EXERCISE
Take the lines from the head of the listing through the one bearing "Kurpark in Daun" and copy them exactly, leaving every picture out.

───

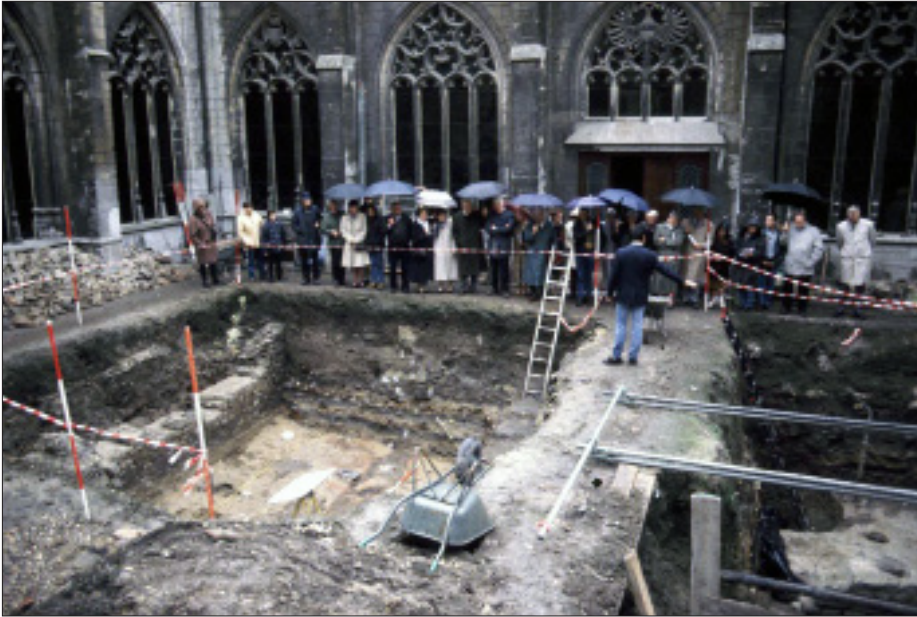
Afb. 8. Wetenschappelijk onderzoek in de Pandtuin van de Onze-Lieve-Vrouwekerk te Maastricht in 1996.
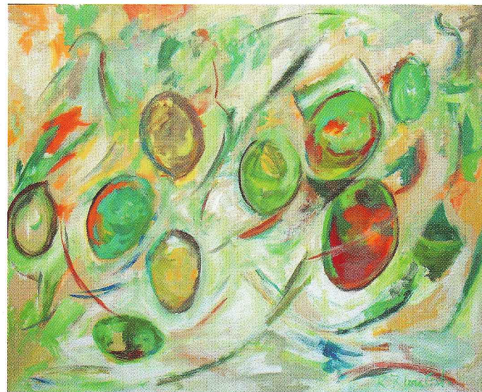
Obra: La Fructificación
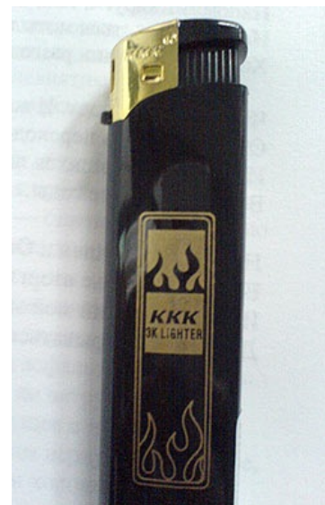
Kill it with fire
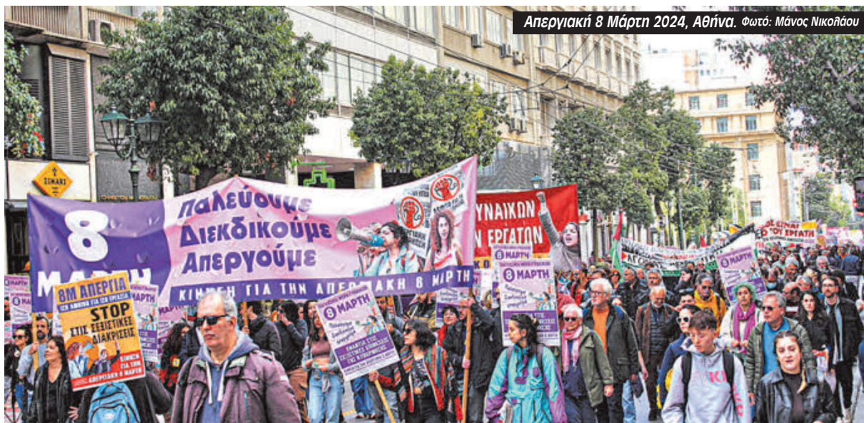
Απεργιακή 8 Μάρτη 2024, Αθήνα.

Η κυβέρνηση της Νέας Δημοκρατίας προσπαθεί συστηματικά να μας πείσει ότι η λύση για τη βία κατά των γυναικών είναι η μεγαλύτερη αστυνόμευση αλλά ματαιοπονεί. Η δολοφονία της Κυριακής Γρίβα έξω από το ΑΤ Αγίων Αναργύρων το απέδειξε αλλά το απέδειξαν και οι αποκαλύψεις του κυκλώματος της ΕΛΑΣ που πουλούσε προστασία σε οίκους ανοχής και άλλα. Πολύ περισσότερο, η εμπλοκή του «άνδρα με το κίτρινο μπλουζάκι» που τον
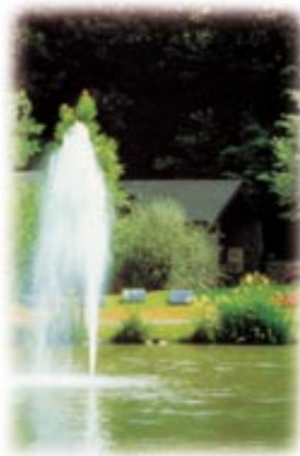
● Kurpark in Daun
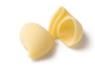
Lumache Medie MPSELO0051
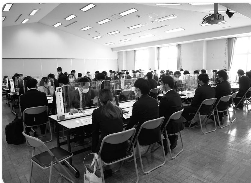
「職業能力開発情報交流会」令和4年3月9日、10日

───

RESPONSE TO THE TASK
Afb. 8. Wetenschappelijk onderzoek in de Pandtuin van de Onze-Lieve-Vrouwekerk te Maastricht in 1996.
Obra: La Fructificación
Kill it with fire
Απεργιακή 8 Μάρτη 2024, Αθήνα.

Η κυβέρνηση της Νέας Δημοκρατίας προσπαθεί συστηματικά να μας πείσει ότι η λύση για τη βία κατά των γυναικών είναι η μεγαλύτερη αστυνόμευση αλλά ματαιοπονεί. Η δολοφονία της Κυριακής Γρίβα έξω από το ΑΤ Αγίων Αναργύρων το απέδειξε αλλά το απέδειξαν και οι αποκαλύψεις του κυκλώματος της ΕΛΑΣ που πουλούσε προστασία σε οίκους ανοχής και άλλα. Πολύ περισσότερο, η εμπλοκή του «άνδρα με το κίτρινο μπλουζάκι» που τον
● Kurpark in Daun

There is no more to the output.